Down-Regulation Assession of Methyl CpG Binding Protein 2 in Diabetic Nephropathy

Abstract

Diabetes nephropathy (DN) is the most significant microvascular complication of diabetes worldwide due to hyperglycemiainduced podocyte injury and apoptosis. The role of methyl CpG binding protein 2 (MECP2) has been observed, but its specific involvement in DN remains unclear. In this study, an in vitro DN model was established using human glomerular podocytes exposed to high glucose (HG, 30 mM). MECP2 expression was assessed using qRT-PCR and Western Blot. Proliferation and migration were evaluated through CCK-8 and transwell assays in both the HG group and the HG + MECP2 knockdown group. Apoptosis was assessed by flow cytometry and Western Blot. RNA-Sequencing identified differentially expressed genes (DEGs) between HG and HG+MECP2 knockdown groups, with subsequent enrichment analysis using KEGG and GSEA databases. Our results revealed elevated MECP2 expression in HG-treated podocytes compared to the control group. Podocytes with MECP2 knockdown displayed increased proliferation and migration compared to the HG group.
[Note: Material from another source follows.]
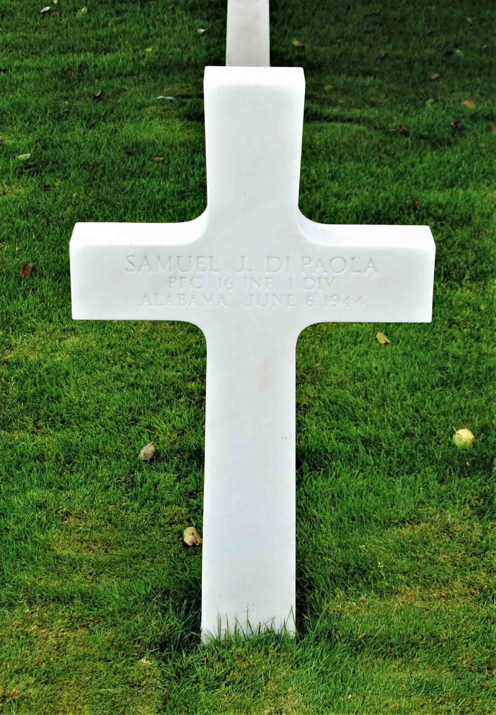 Samuel J. Di Paola entered the military service in Alabama. He served in the U.S. Army during World War II as a Private First Class in the 16th Infantry Regiment, 1st Infantry Division. He died on June 6, 1944 during the invasion on Omaha Beach, France and is now buried in Normandy American Cemetery, Colleville-sur-Mer, France.

MECP2 knockdown significantly inhibited HG-induced apoptosis in podocytes, with lower expression of pro-apoptotic protein (cleaved-caspase3, Bax, BAD, Desmin) and higher expression of anti-apoptotic protein Bcl-2 in the HG+MECP2 shRNA group. RNA sequencing identified 123 upregulated and 129 downregulated DEGs. Enrichment analysis highlighted apoptosis-related pathways like PPAR, TNF, p53, RELAXIN, WNT, and RAP1 signaling. Podocytes with MECP2 knockdown showed reduced apoptosis upon HG treatment. In summary, downregulation of MECP2 in podocytes effectively mitigated apoptosis caused by high glucose, suggesting a potential strategy to improve diabetes nephropathy outcomes.